— Provided data —
+--

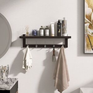This beautiful hanger is thoughtfully designed with baffle to safely hold your key, wallet, plant, candle, and can be used as a display rack for picture frame, envelope, decorative letter. 5 dual metal hooks to hang hat, coat, jacket or bag, so all your essentials are neatly organized in one place and at your fingertips.In addition to being used as a coat rack in the entrance, hallway, and bedroom, this nice floating organizer rack can also be used to store bathrobe, towel, and toiletries in the bathroom; dishcloth, coffee mug, cup, or drying kitchen utensil in the kitchen; display plant, flower, and organize garden tool in the garden, etc. Brayden Studio Colour: Black
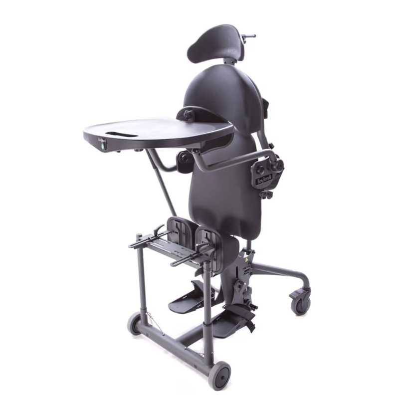 Exclusiva da marca EasyStand, a bandeja Shadow proporciona apoio anterior constante entre sentado e em pé, perfeito para o usuário com suporte limitado da parte superior do corpo além de permitir ficar em pé em uma posição com suporte parcial de peso ( apoiado na bandeja) ou parar para descansar/aclimatar-se quando necessário.
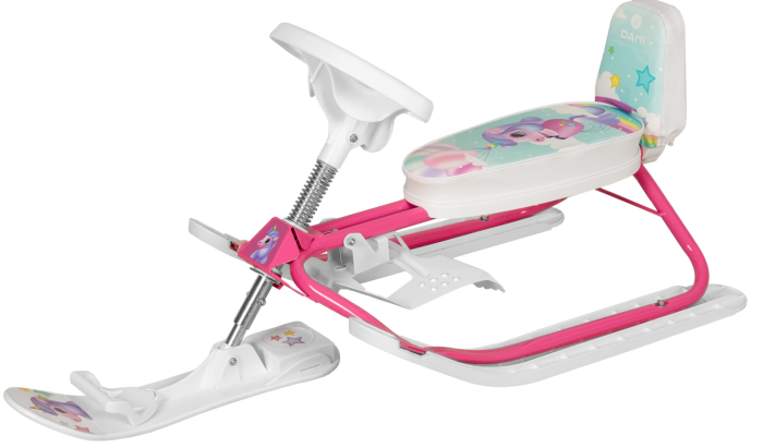Модель для малышей от 1,5 до 7 лет. • Удобная мягкая спинка, при необходимости её можно убрать. • Тёплое сиденье, эргономичный руль и сматыватель в комплекте. • Снегокат компактный и лёгкий – ребёнок без труда поднимет его в гору. • Безопасный, манёвренный, устойчивый на поворотах. • Выдерживает массу до 60 кг.
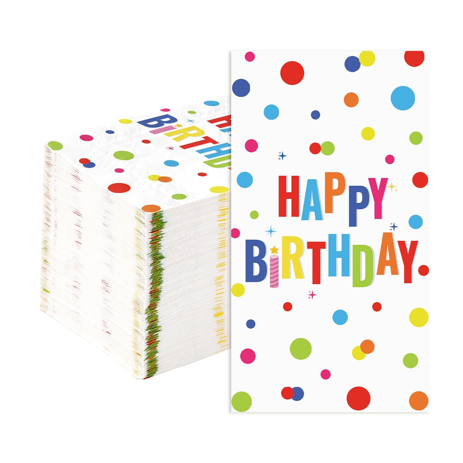 Celebrate in style with Grencian's 100-count pack of 3-ply birthday napkins! Featuring a vibrant, festive design with scattered colorful dots and cheerful "Happy Birthday" lettering, these napkins are the perfect way to add a pop of color and joy to your party. Their unique and lively design instantly enhances the celebratory atmosphere of any birthday, making your event even more special. Practical and durable with 3-ply construction, they are perfect for cakes, drinks, and cleanup. Make your birthday celebration unforgettable with Grencian's colorful dot napkins!

+--

— Task —
Omit the pictures, then output the rest of the listing exactly.

— Written solution —
This beautiful hanger is thoughtfully designed with baffle to safely hold your key, wallet, plant, candle, and can be used as a display rack for picture frame, envelope, decorative letter. 5 dual metal hooks to hang hat, coat, jacket or bag, so all your essentials are neatly organized in one place and at your fingertips.In addition to being used as a coat rack in the entrance, hallway, and bedroom, this nice floating organizer rack can also be used to store bathrobe, towel, and toiletries in the bathroom; dishcloth, coffee mug, cup, or drying kitchen utensil in the kitchen; display plant, flower, and organize garden tool in the garden, etc. Brayden Studio Colour: Black
 Exclusiva da marca EasyStand, a bandeja Shadow proporciona apoio anterior constante entre sentado e em pé, perfeito para o usuário com suporte limitado da parte superior do corpo além de permitir ficar em pé em uma posição com suporte parcial de peso ( apoiado na bandeja) ou parar para descansar/aclimatar-se quando necessário.
Модель для малышей от 1,5 до 7 лет. • Удобная мягкая спинка, при необходимости её можно убрать. • Тёплое сиденье, эргономичный руль и сматыватель в комплекте. • Снегокат компактный и лёгкий – ребёнок без труда поднимет его в гору. • Безопасный, манёвренный, устойчивый на поворотах. • Выдерживает массу до 60 кг.
 Celebrate in style with Grencian's 100-count pack of 3-ply birthday napkins! Featuring a vibrant, festive design with scattered colorful dots and cheerful "Happy Birthday" lettering, these napkins are the perfect way to add a pop of color and joy to your party. Their unique and lively design instantly enhances the celebratory atmosphere of any birthday, making your event even more special. Practical and durable with 3-ply construction, they are perfect for cakes, drinks, and cleanup. Make your birthday celebration unforgettable with Grencian's colorful dot napkins!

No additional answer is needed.